Given records section start

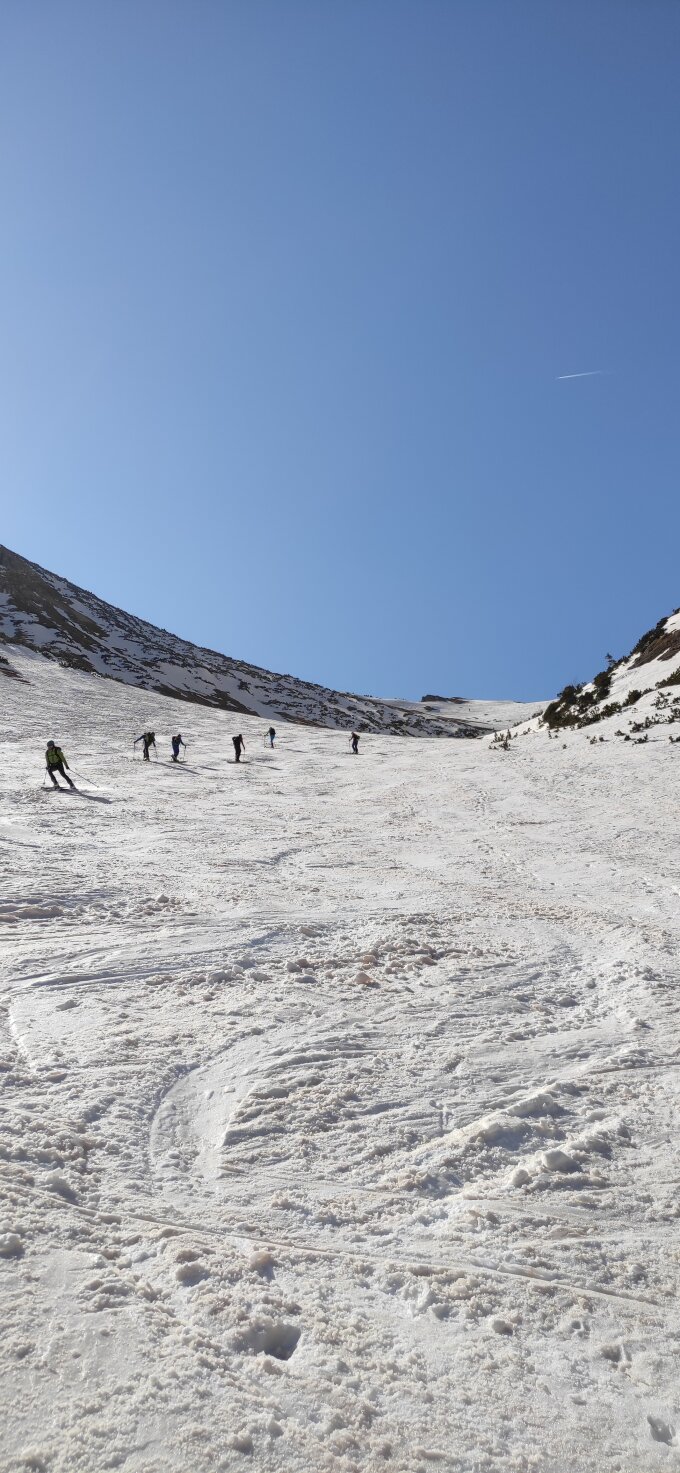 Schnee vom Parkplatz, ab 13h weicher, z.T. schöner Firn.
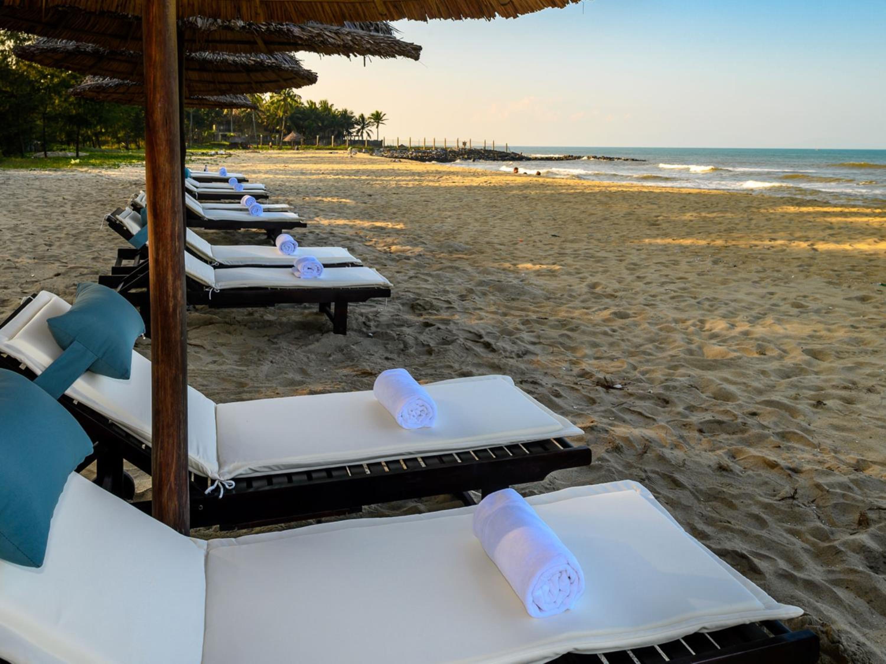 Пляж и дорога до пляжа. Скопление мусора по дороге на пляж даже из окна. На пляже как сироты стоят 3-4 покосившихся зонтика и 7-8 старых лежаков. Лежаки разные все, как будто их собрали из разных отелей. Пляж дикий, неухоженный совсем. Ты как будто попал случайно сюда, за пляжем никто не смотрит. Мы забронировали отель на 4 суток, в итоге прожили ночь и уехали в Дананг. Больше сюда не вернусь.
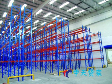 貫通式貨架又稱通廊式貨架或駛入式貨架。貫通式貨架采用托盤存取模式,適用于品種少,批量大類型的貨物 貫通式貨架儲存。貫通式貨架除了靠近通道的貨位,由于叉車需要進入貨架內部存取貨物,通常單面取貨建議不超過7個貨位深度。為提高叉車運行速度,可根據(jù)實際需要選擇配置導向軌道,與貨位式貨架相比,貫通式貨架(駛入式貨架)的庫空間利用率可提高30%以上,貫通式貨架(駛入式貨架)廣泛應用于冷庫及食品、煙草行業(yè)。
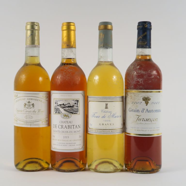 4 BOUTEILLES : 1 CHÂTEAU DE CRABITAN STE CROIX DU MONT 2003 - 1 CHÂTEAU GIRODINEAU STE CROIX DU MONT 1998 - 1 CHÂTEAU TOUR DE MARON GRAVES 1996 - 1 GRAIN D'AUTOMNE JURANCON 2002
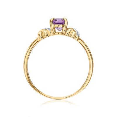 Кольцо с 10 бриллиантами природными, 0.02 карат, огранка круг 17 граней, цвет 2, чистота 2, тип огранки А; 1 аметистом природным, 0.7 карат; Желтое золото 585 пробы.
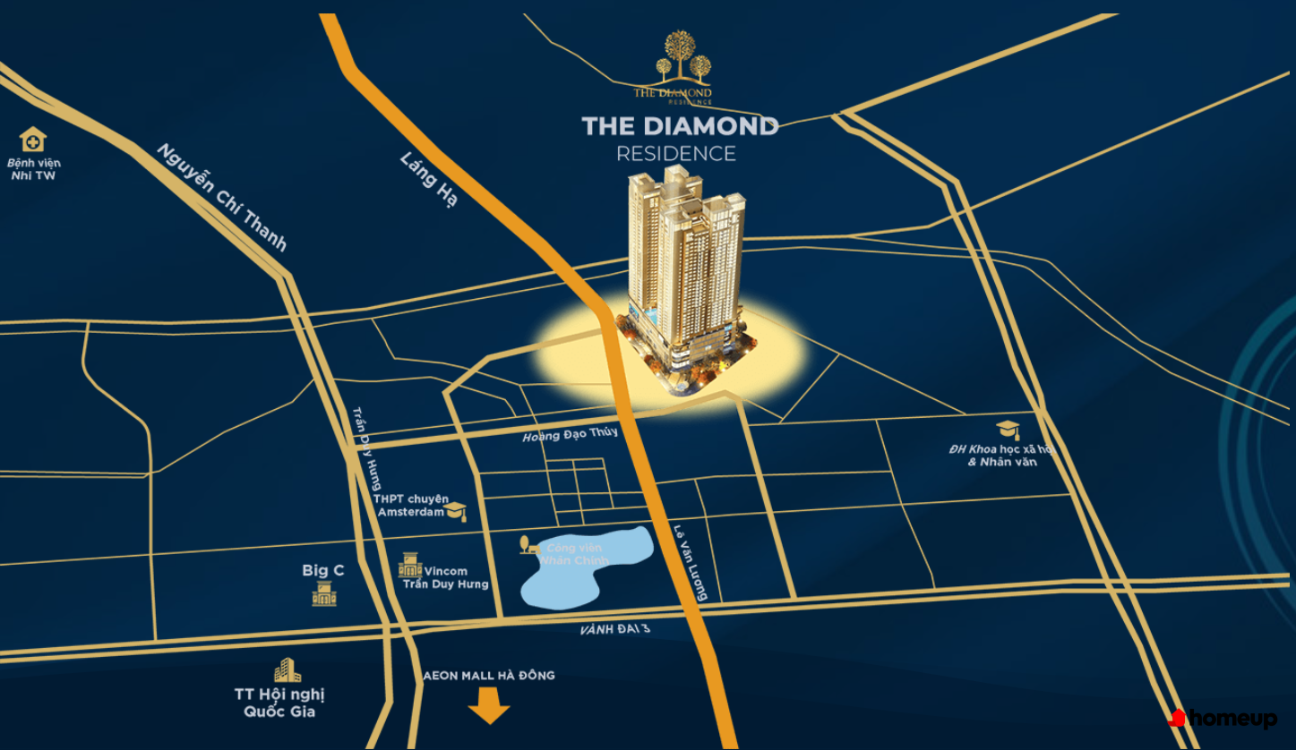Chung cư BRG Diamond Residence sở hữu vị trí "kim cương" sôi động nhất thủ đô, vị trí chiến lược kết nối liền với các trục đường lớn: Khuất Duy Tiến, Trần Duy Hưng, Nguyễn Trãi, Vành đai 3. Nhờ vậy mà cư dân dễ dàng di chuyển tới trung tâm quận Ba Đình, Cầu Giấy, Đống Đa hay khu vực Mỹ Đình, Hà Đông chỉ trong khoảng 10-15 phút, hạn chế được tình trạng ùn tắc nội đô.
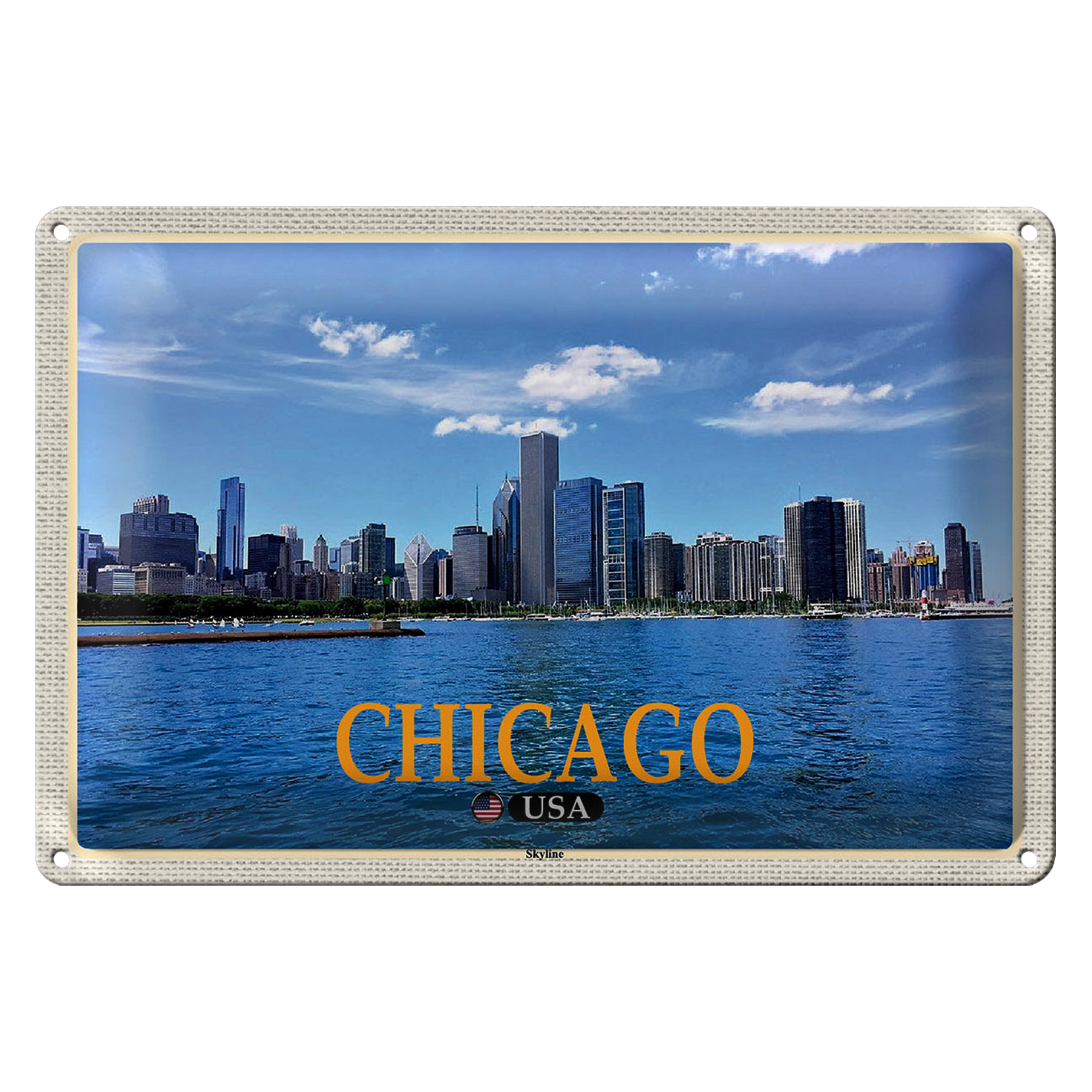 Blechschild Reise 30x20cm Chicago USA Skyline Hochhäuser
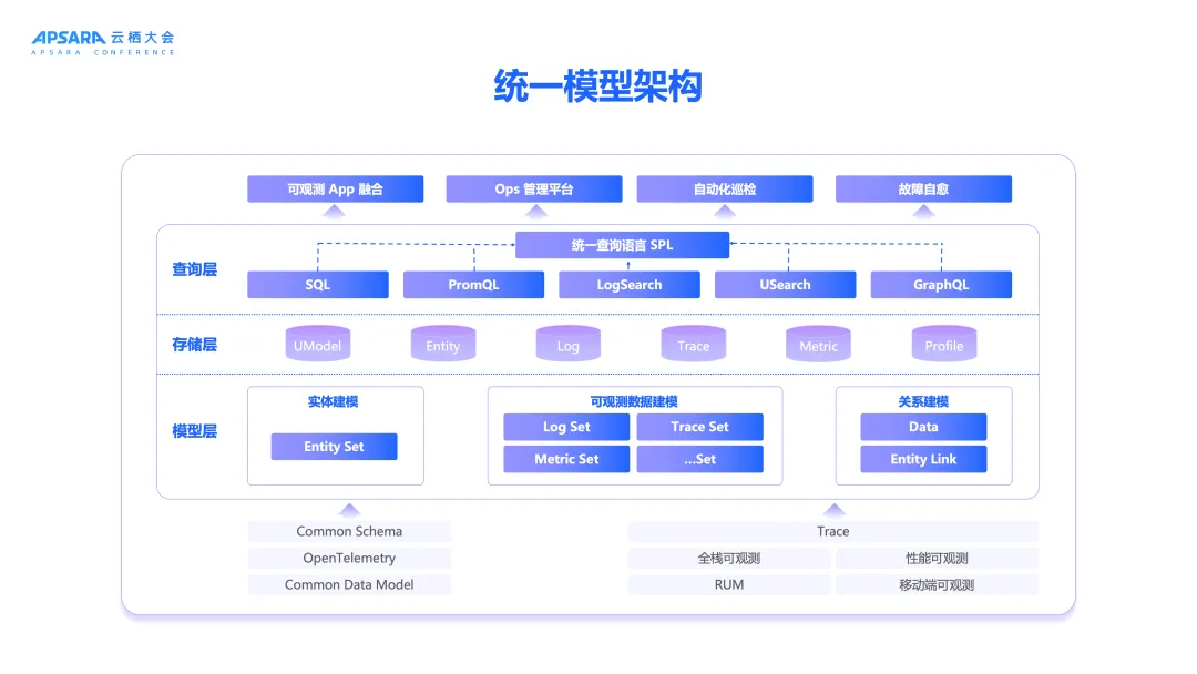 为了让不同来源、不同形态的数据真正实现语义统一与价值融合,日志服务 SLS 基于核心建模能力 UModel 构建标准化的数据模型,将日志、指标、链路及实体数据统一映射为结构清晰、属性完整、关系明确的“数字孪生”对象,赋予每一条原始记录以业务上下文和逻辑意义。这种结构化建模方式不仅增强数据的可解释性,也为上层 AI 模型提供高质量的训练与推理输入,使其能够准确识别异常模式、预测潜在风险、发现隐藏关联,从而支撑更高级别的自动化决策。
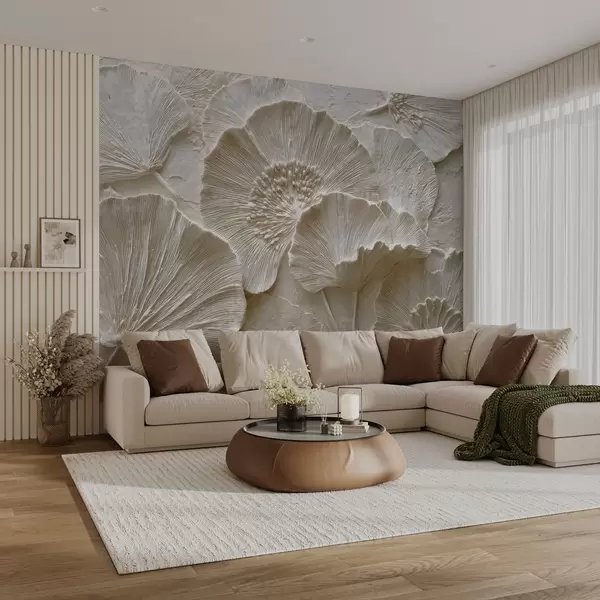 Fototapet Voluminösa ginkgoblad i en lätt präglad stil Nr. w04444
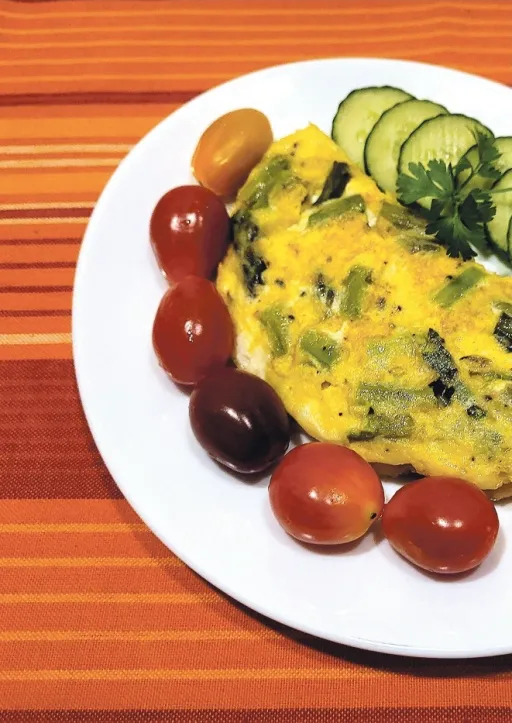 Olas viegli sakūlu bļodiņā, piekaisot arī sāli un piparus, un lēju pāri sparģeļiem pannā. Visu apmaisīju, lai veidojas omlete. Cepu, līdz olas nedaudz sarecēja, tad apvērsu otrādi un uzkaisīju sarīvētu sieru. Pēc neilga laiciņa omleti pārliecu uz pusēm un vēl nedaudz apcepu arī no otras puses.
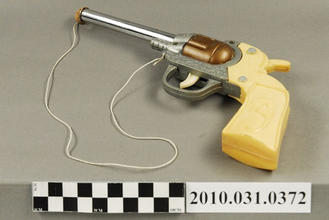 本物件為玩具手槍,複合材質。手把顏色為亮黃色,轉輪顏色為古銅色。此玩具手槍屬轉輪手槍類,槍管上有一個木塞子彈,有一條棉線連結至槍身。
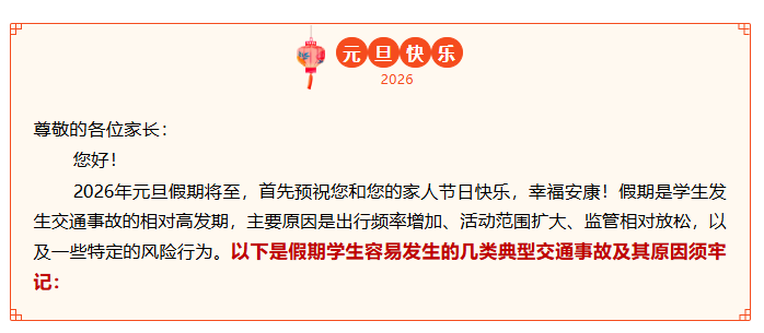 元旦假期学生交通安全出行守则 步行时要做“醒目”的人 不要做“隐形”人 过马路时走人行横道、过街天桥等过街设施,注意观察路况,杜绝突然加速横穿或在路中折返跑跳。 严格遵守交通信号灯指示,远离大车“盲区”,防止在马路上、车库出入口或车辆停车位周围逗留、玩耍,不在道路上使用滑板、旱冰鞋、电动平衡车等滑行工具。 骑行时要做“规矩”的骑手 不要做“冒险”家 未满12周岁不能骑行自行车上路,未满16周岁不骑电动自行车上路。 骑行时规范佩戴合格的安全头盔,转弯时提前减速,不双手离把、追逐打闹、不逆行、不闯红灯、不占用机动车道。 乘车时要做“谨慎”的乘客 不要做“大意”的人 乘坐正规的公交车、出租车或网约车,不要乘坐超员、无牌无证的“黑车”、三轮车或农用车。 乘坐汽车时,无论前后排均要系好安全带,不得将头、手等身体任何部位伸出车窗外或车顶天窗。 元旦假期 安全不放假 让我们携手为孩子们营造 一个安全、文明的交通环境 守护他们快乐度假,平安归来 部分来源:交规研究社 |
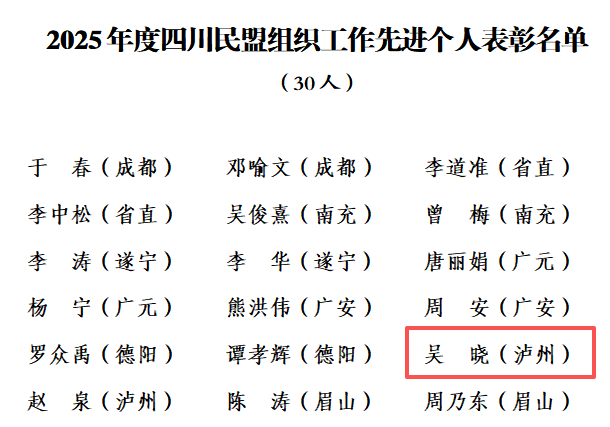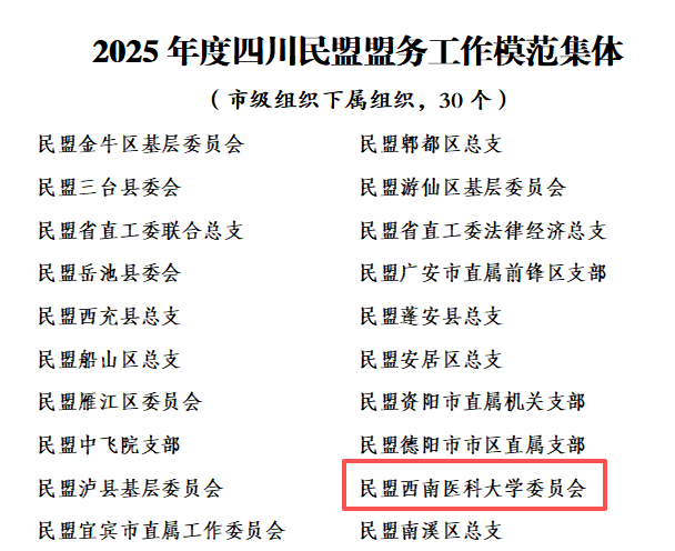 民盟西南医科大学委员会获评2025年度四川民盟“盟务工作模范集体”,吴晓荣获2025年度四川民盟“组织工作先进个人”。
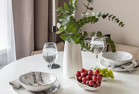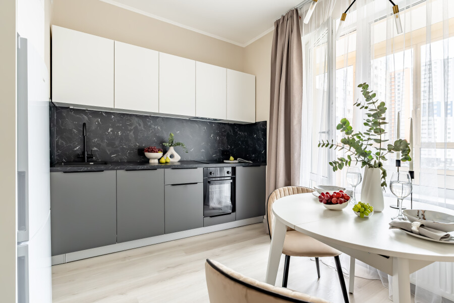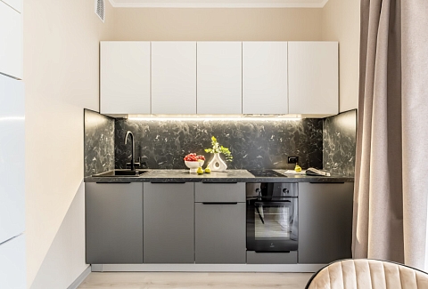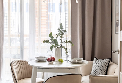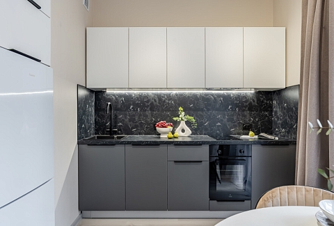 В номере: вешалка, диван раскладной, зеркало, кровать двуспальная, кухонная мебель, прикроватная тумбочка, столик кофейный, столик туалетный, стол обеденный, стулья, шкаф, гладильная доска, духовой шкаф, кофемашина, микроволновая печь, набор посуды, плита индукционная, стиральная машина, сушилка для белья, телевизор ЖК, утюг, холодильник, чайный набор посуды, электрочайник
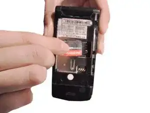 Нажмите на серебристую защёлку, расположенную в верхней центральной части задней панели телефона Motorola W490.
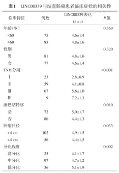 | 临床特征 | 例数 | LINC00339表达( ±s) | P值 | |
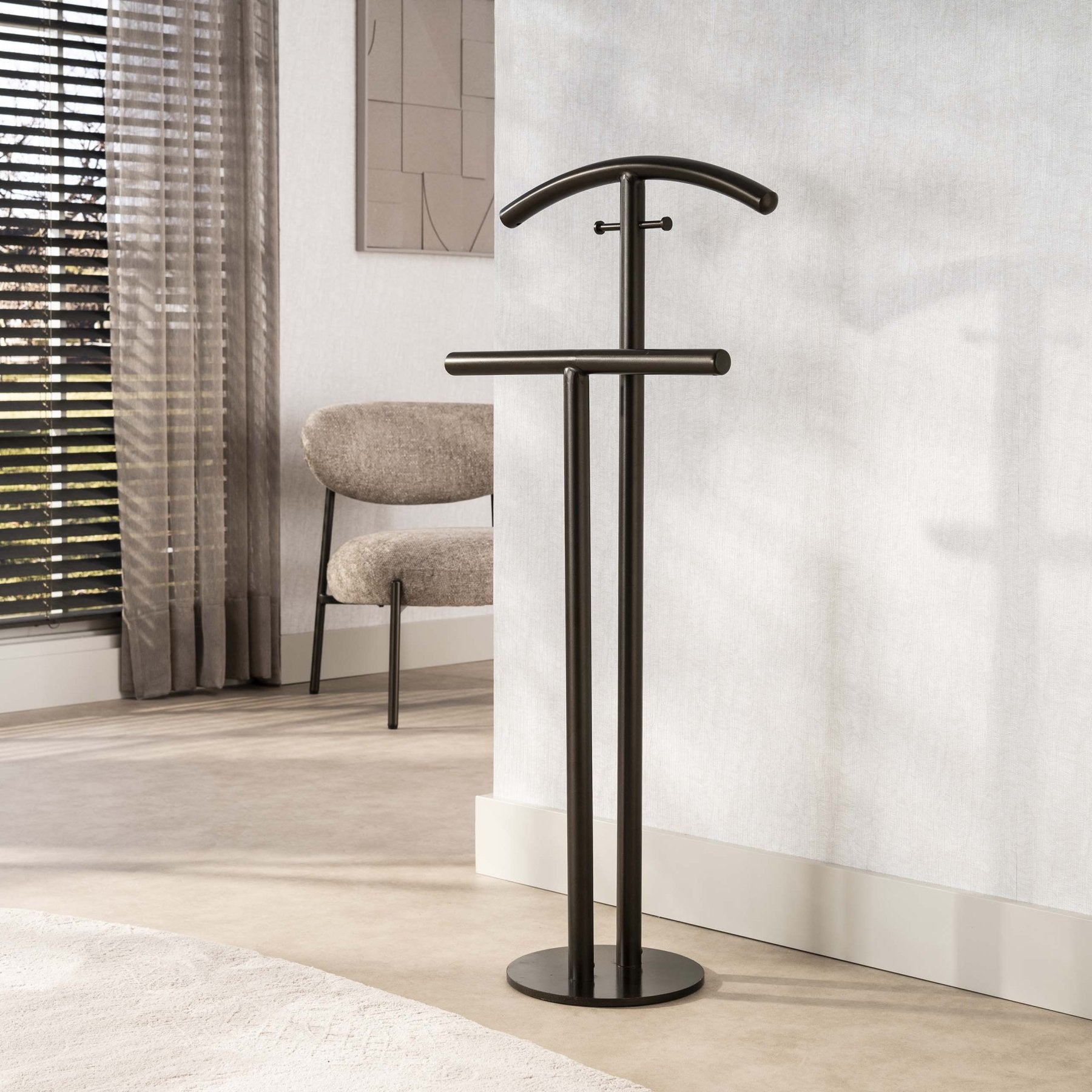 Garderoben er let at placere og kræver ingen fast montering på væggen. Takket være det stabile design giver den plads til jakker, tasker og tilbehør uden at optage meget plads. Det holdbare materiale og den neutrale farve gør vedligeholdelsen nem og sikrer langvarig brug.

Given records section end

### What you are asked to do
What's needed is an exact copy of the lines above from the one with "Fototapet Voluminösa ginkgoblad" through the one with "Olas viegli sakūlu", both included; the pictures stay out.

### Response area
 Fototapet Voluminösa ginkgoblad i en lätt präglad stil Nr. w04444
 Olas viegli sakūlu bļodiņā, piekaisot arī sāli un piparus, un lēju pāri sparģeļiem pannā. Visu apmaisīju, lai veidojas omlete. Cepu, līdz olas nedaudz sarecēja, tad apvērsu otrādi un uzkaisīju sarīvētu sieru. Pēc neilga laiciņa omleti pārliecu uz pusēm un vēl nedaudz apcepu arī no otras puses.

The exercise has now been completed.